THE WAY BACK (2020): Ailevi problemleri/dramları sporla harmanlayan yönetmenlerden Gavin O’Connor, Warrior benzeri bir filmle karşımıza çıktı bu ay. Warrior‘da babası ve abisiyle yaşadığı sorunlar nedeniyle evini terk eden bir gencin yıllar sonra ringde kendisi gibi boksör olan abisiyle karşı karşıya gelmesini anlatan O’Connor gene dramatik bir öyküyü bu kez boks değil de basketbol üzerinden anlatmaya yelteniyor. Bu kez merkeze acı verici bir olaydan sonra alkolik olan bir adamı, Jack’i (Ben Affleck) koyan O’Connor onun toparlanma, iyileşme, acısıyla baş edebilme çabalarını işliyor ama bunu da olabilecek en klişe şekilde yapıyor.
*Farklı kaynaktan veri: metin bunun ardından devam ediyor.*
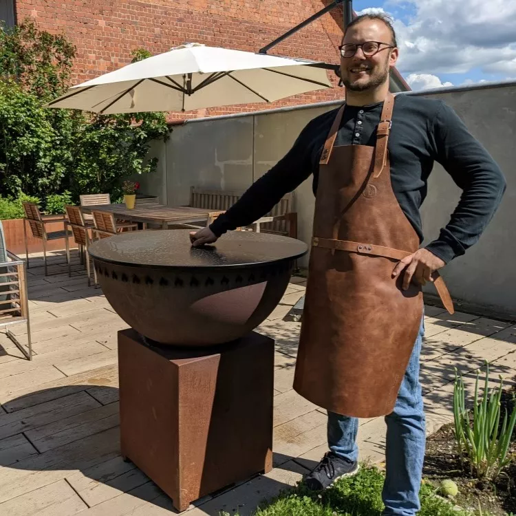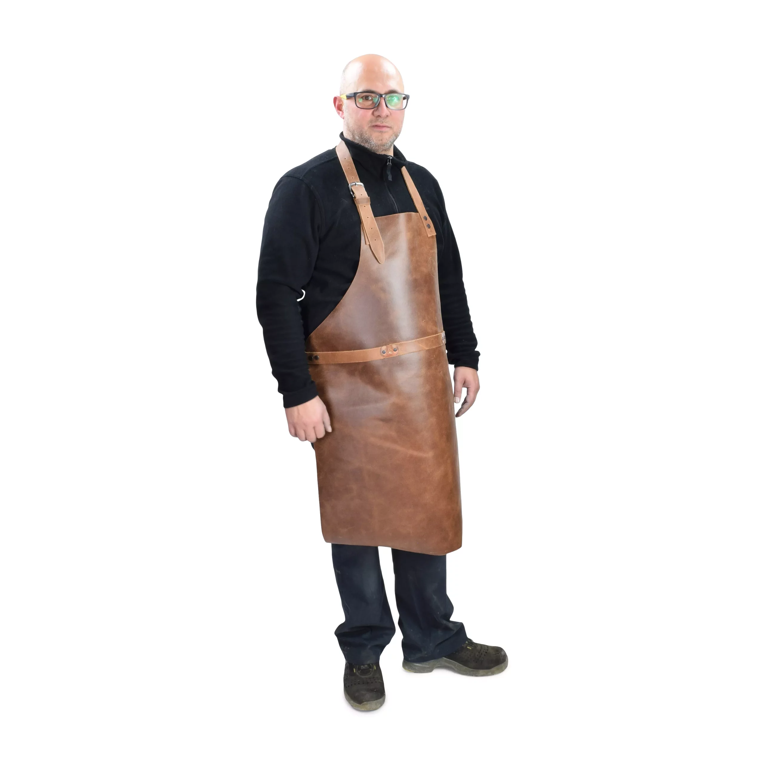 A barbecue apron made of cowhide, with noble copper fittings and solid straps. The perfect gift for real barbecue chefs.

Daha önce de pek çok klişe senaryo (Out of the Furnace, Run All Night) yazan Brad Ingelsby bir kez daha özgünlük için çabalamayıp binlerce dramada karşımıza çıkan tüm ögeleri filmine boca etmiş: Haylaz ve başarısız bir basketbol takımı, bu takımın saygıyı ve bir (takım) olmayı öğrenmesi, Jack’in “gençken çok yetenekliydi” dışında açıklanamayan yetenekleriyle takımın ilk kez playoff’a kadar yükselebilmesi, tabii ki Jack’in alkolikliğinin ortaya çıkması, derinleştirme zahmetine girilmemiş eşiyle ilişkileri ve ortadaki dram sizi yıpratmadıysa bir de başka bir aile üzerinden dramı tekrar etme… Ingelsby’nin onca yeteneksizliğine karşın halen senaryolarını satabilmesi belki de filmin en şaşırtıcı tarafı. Şu noktada O’Connor’ı Warrior‘daki kadar ajitasyona kaçmadığı, daha olgun bir sinema dili tutturduğu için övmek gerek. Affleck de yaşlandıkça daha iyi rol yapmaya, karakterlerinin hakkını vermeye devam ediyor. Özetle The Way Back bütün formülleri teker teker uygulayan, bir saat sonra hafızadan silinen bir film. Gene de bir şans verilebilir.